Merida runs away to the forest to get away from her mom and her mom’s expectations and some wil-o-the-wisps – creepy blue things that look like the jellyfish from Avatar and sound like the ghosts from Donkey Kong Country 2, lead her to witch (Julie Walters) who gives her a spell that’s guaranteed to “change her fate” by “changing” her mother.
WISP: Follow meeee to the plooooooot of this mooooovie.
Merida assumes this means changing her mother’s mind about the marriage, but in the tradition of wishes in movies, the spell backfires and turns her mom into a bear. This is bad because a) if Merida doesn’t fix the rift her pride has caused by the second sunrise her mom will be a bear forever and b) everyone in her kingdom hates bears because a big mean one ate her father’s leg. So they have to escape the spear-slinging hoardes and escape into the forest.
MERIDA: You see officer, my father didn’t mean to murder my mother,
it’s just that she was a bear at the time. And he hates bears.
OFFICER: Uh huh.
This is when Merida and Elinor are finally forced to understand and appreciate each other, because Elinor has no idea how to survive in the woods and Merida has no idea how to get the hordes to stop fighting each other long enough to get a word in edgewise. Elinor is hilarious and adorable as a human in a bear’s body and the Celtic music combined with their Scottish accents really sets a different (and totally cool) tone than anything we’ve seen from Pixar so far.
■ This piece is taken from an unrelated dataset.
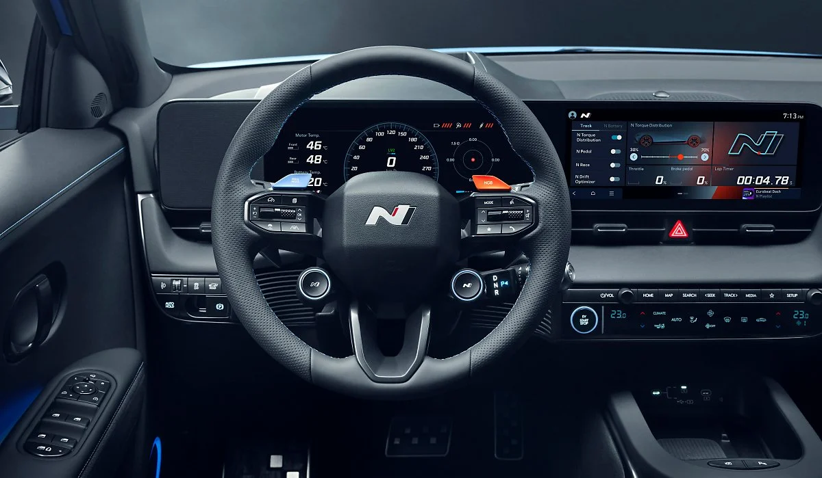 주행성능을 극대화할 수 있도록 새롭게 디자인된 N 전용 스티어링 휠은 혼 커버에 N 브랜드 로고가 적용됐으며 운전자가 원하는 대로 주행 모드를 각각 설정할 수 있는 2개의 N 버튼이 탑재됐습니다. 또한, N e-쉬프트, N 페달 기능에 활용되는 패들 쉬프터와 최대 10초 동안 출력을 증가시키는 NGB 버튼이 배치돼 조작 편의성을 높였습니다.

I’m really glad Reese Witherspoon didn’t end up voicing Merida. Then she would have sounded all whiny.
Though the issue between Merida and her mother came to a head over her arranged marriage, no love interest crops up for Merida during the movie. The young lords are all obvious lugheads and even though you might get the impression that there’s someone out there Merida could save and maybe fall for, they don’t go there. Instead, the movie is all about Merida’s issues with mom, which makes it a great movie for mothers and daughters. They can save the boyfriend thing for a sequel, I guess.
It’s just as well. There’s no one in this movie who’s an equal to Merida anyway.
It’s a mom and daughter centric movie, but that’s not to say that boys won’t like it too – there’s lots of arrow shooting, mysterious ghostly presences, triplet princes who are always into trouble, and a huge vicious bear (who is not Elinor) trying to eat everyone. Pixar even kicked the original director off the project to make sure the movie didn’t lose their old audience.
Because everyone knows women can’t make anything a boy would like *coughHarryPotter*
So who should see this movie? Everyone! Because it is a) pretty awesome and b) the first Pixar movie starring a girl and (partly) written, directed, and produced by women. We want Brave to do well so Pixar isn’t tempted to abandon their experiment completely and go back to their boy-centric ways.